In other words, the definition is pretty much designed to be a tractable and concrete solution to the implication “(limits in $C$) + ???? $\Rightarrow$ (limits in $D$, and preservation/reflection)”

Pragmatically, it isolates the structure common to the construction/analysis of limits in groups, topological spaces, algebras for monads, and many other categories of “structured objects over some category where limits are already understood”. It does require constructing the limits in $D$ anyway, but it guides you to a particular tractable way of constructing them, and then shows that by constructing them this way, you get preservation + reflection for free.

Regarding the two different definitions of creation of limits, see Displayed Categories, Ahrens, Lumsdaine 2017, arXiv:1705.04296 for my personal (maybe slightly idiosyncratic) take on why the standard definition using equality of objects really is very reasonable and natural.

This is not what "creates limits" means, although I also find this terminology slightly confusing (in the sense that if I had to guess the definition just from the word "creates" my guess would probably have been the same as you, but it's just not that).

The definition (eg the one stated in the nLab page you mention) does require the limit of $D$ to exist in $\mathbf C$ in the first place, but what it says is basically that you can compute it in $\mathbf D$, ie roughly we have both:

• $F$ of a limit of $D$, is a limit of $F\circ D$
• somewhat conversely (and imprecisely), if some $F(x)$ happens to be a limit of $F\circ D$, then $x$ was already a limit of $D$.

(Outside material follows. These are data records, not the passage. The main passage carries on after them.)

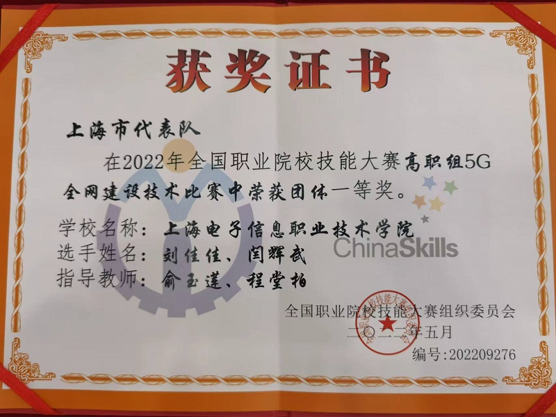 永利官网荣获2022年全国职业院校技能大赛高职组“5G全网建设技术”赛项一等奖
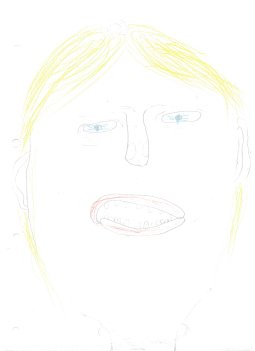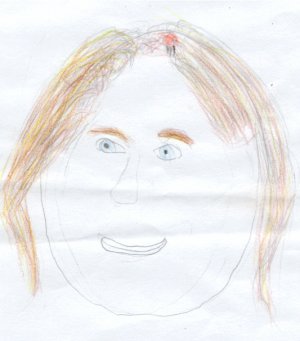 Elle a des yeux bleus, et des cheveux blonds ; c'est Aline . |
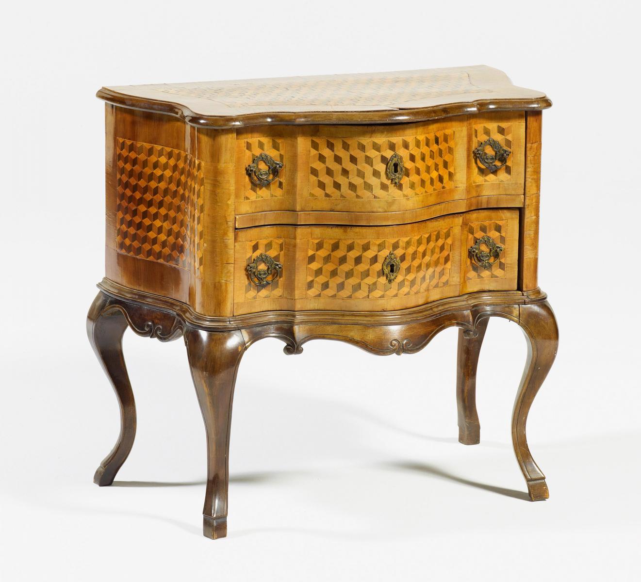 Nussbaum und andere Hölzer eingelegt. 84x90x52 cm. Zustand C.
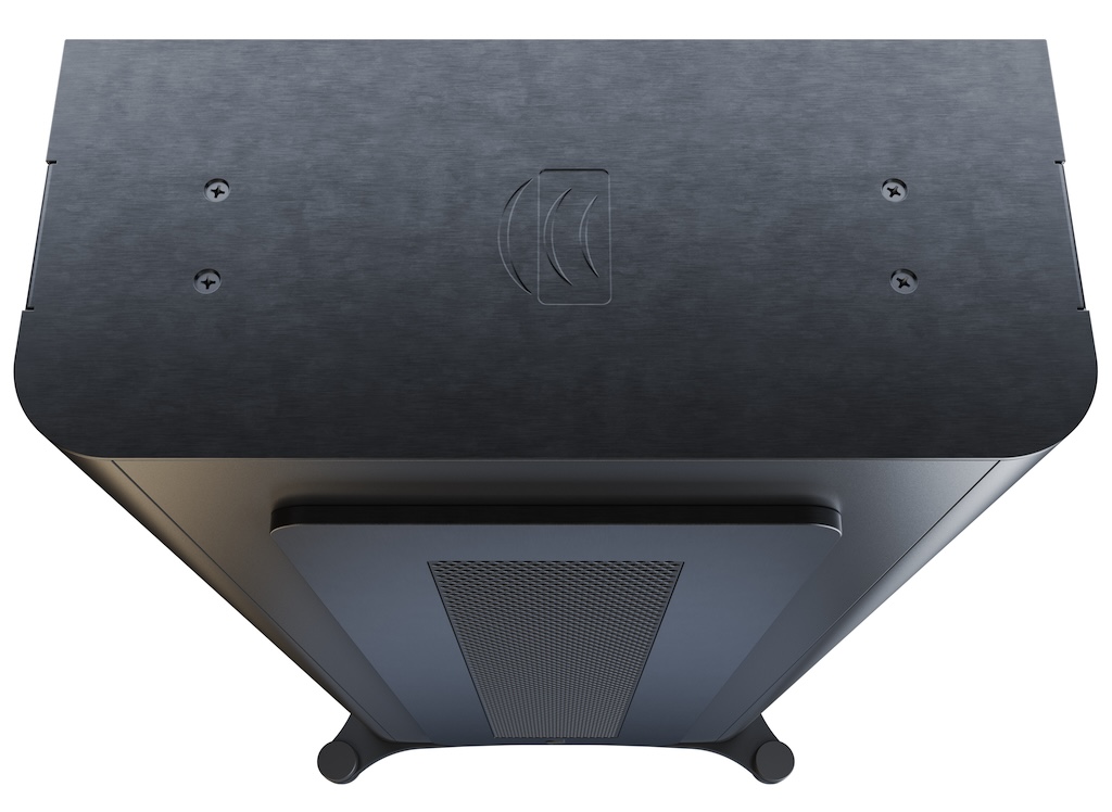 Der D8is arbeitet mit einem außergewöhnlichen Prinzip: Acht 8.5-Zoll-Treiber (215 mm) sind in einem Push-Pull-Array angeordnet. Akustisch spielen sie in Phase, mechanisch bewegen sie sich gegeneinander. Dadurch heben sich die entstehenden Kräfte weitgehend auf. Das sogenannte Force Cancelling. Selbst bei hohen Pegeln bleibt das über einen Meter hohe Aluminiumgehäuse nahezu frei von spürbaren Vibrationen. Angetrieben wird das System vom externen DSP3000A-Verstärker (im Lieferumfang: ein 3-kW-Modul im Hybridgehäuse aus Stahl und Aluminium, mit einem präzisen DSP, und einem 2,8-Zoll-Farbdisplay an der Front. Für Installationen stehen Montagewinkel für Racks bereit; für Wohnzimmer-Setups lässt sich der Verstärker sichtbar präsentieren oder im Technikschrank verbauen.
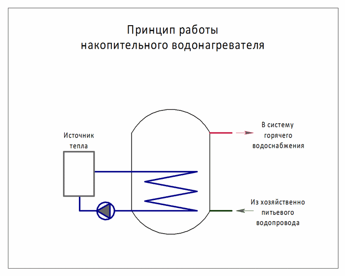 Рис. 9. Принцип работы накопительного водонагревателя.
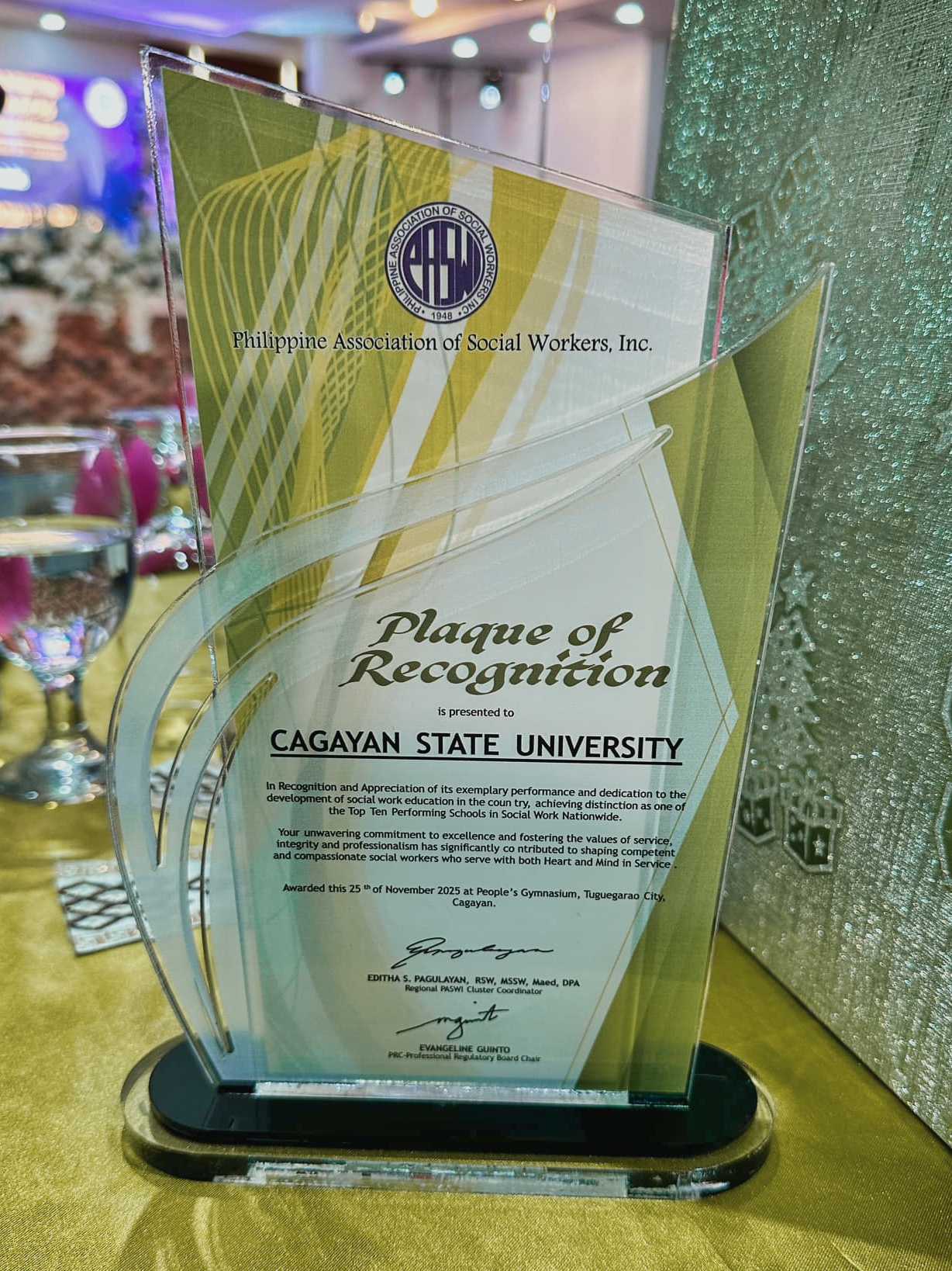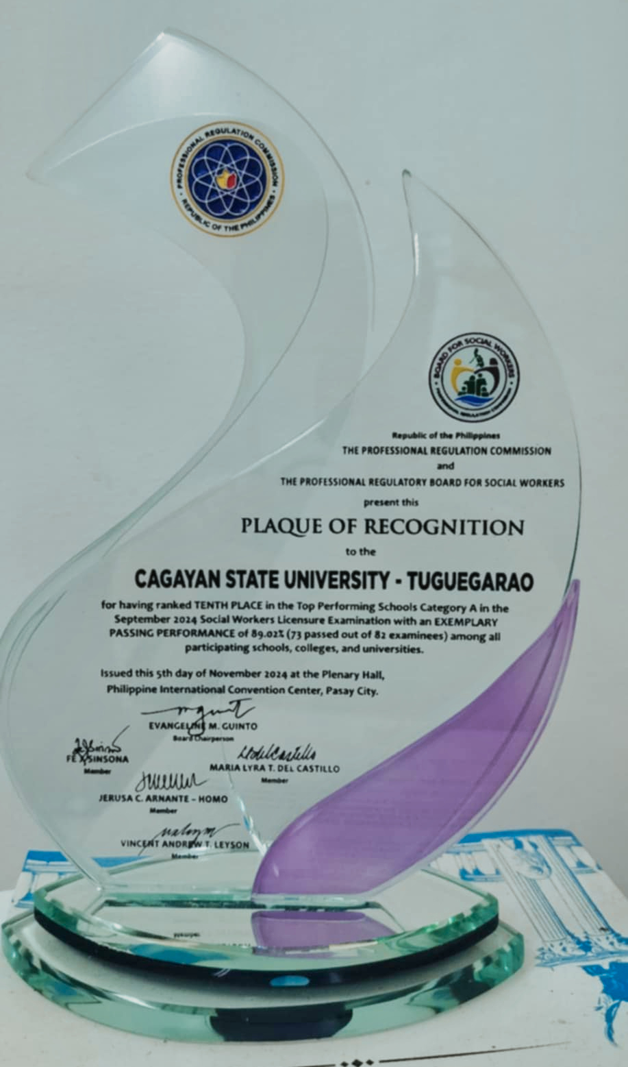 The Professional Regulation Commission (PRC), Philippine Association of Social Workers, Inc. (PASWI), and Sanguniang Panlalawigan of Cagayan Province recognized Cagayan State University (CSU) as one of the Top 10 Performing Schools in Social Work nationwide during the oath-taking ceremonies for newly licensed social workers held at PICC Manila and Tuguegarao City People’s Gymnasium.

Now as far as I know this definition is most often used for some shape of diagrams rather than for a single one, and as pointed out in the nlab is used in Beck's monadicity theorem. The main example of that phenomena (the colimit version) is that a direct sum of modules over some algebra is just the direct sum of the underlying vector spaces with the "obvious" module structure.